* [What the task requires] Your task is to copy the stretch of lines in the records below that begins with the line containing "Mark McGwire 2024" and ends with the line containing "IZPOLNJEVANJE POGOJEV ZA", exactly as written, with nothing added.

* [Raw data]
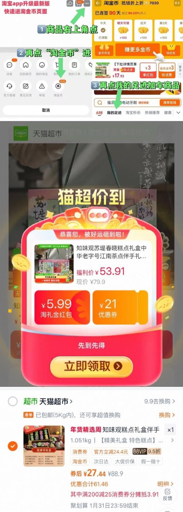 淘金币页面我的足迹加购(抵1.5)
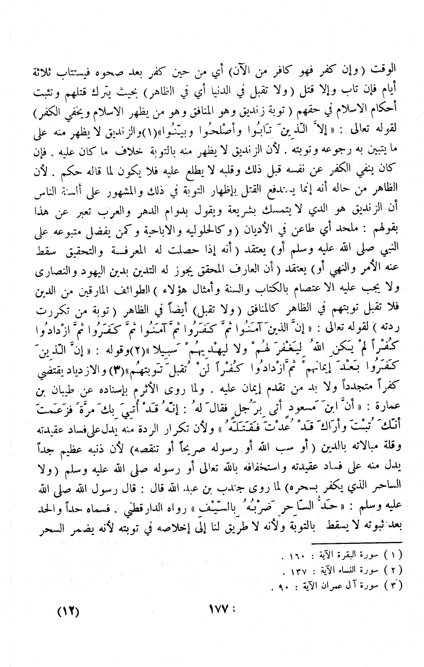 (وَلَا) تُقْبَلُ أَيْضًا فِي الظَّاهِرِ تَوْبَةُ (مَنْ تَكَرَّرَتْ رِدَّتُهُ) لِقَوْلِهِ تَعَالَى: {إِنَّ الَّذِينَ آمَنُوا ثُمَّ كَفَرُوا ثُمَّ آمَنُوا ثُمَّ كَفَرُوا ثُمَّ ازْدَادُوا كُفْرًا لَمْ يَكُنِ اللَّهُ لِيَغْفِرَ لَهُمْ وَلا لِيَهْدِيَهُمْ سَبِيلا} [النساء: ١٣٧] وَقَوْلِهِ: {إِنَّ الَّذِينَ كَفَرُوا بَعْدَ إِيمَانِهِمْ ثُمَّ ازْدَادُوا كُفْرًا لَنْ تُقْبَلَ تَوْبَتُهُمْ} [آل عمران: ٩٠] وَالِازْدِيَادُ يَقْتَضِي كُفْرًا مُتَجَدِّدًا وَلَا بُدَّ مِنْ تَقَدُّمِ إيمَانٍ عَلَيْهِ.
--
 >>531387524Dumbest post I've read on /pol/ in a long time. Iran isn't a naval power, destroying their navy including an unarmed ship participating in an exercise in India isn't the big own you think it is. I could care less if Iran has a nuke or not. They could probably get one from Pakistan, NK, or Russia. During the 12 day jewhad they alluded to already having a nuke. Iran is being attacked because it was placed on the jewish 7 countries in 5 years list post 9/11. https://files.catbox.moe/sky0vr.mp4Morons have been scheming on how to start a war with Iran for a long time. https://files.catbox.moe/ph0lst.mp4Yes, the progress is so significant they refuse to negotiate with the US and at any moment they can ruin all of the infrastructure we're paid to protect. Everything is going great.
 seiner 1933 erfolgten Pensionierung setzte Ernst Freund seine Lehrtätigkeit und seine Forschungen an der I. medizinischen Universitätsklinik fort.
...
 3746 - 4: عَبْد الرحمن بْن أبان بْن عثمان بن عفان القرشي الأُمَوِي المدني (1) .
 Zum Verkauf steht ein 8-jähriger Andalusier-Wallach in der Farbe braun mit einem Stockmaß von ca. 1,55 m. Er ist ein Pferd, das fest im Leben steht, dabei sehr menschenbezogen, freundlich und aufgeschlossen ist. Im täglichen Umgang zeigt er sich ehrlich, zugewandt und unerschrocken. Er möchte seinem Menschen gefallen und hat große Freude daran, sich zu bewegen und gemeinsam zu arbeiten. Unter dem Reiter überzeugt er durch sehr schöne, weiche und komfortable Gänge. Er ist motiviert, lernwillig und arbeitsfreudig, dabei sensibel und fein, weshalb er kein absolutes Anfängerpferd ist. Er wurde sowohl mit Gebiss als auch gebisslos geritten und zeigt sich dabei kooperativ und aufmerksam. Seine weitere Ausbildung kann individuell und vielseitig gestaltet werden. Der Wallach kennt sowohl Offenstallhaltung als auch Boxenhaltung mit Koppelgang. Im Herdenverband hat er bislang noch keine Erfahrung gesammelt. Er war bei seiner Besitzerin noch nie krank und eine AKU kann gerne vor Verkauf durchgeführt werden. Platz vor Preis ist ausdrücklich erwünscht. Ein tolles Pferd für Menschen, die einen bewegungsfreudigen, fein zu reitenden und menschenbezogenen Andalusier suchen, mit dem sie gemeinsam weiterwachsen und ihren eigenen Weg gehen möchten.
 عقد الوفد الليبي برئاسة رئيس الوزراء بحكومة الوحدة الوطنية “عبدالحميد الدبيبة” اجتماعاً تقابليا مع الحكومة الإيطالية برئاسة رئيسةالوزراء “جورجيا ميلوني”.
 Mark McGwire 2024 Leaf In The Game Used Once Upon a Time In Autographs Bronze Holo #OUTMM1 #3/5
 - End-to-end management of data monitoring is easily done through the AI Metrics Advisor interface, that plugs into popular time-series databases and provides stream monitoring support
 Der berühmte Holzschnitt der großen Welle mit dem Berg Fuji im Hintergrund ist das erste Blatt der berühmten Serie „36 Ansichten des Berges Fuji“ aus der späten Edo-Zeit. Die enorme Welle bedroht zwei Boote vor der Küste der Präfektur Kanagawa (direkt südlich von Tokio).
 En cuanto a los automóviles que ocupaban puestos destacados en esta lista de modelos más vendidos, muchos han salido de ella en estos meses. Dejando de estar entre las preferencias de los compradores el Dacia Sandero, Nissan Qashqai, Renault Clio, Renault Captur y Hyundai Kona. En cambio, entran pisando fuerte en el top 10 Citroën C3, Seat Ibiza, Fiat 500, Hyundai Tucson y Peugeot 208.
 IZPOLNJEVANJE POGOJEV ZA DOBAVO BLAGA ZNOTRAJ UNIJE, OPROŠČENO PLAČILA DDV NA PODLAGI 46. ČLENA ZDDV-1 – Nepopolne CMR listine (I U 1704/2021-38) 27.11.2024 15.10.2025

* [Answer box]
 Mark McGwire 2024 Leaf In The Game Used Once Upon a Time In Autographs Bronze Holo #OUTMM1 #3/5
 - End-to-end management of data monitoring is easily done through the AI Metrics Advisor interface, that plugs into popular time-series databases and provides stream monitoring support
 Der berühmte Holzschnitt der großen Welle mit dem Berg Fuji im Hintergrund ist das erste Blatt der berühmten Serie „36 Ansichten des Berges Fuji“ aus der späten Edo-Zeit. Die enorme Welle bedroht zwei Boote vor der Küste der Präfektur Kanagawa (direkt südlich von Tokio).
 En cuanto a los automóviles que ocupaban puestos destacados en esta lista de modelos más vendidos, muchos han salido de ella en estos meses. Dejando de estar entre las preferencias de los compradores el Dacia Sandero, Nissan Qashqai, Renault Clio, Renault Captur y Hyundai Kona. En cambio, entran pisando fuerte en el top 10 Citroën C3, Seat Ibiza, Fiat 500, Hyundai Tucson y Peugeot 208.
 IZPOLNJEVANJE POGOJEV ZA DOBAVO BLAGA ZNOTRAJ UNIJE, OPROŠČENO PLAČILA DDV NA PODLAGI 46. ČLENA ZDDV-1 – Nepopolne CMR listine (I U 1704/2021-38) 27.11.2024 15.10.2025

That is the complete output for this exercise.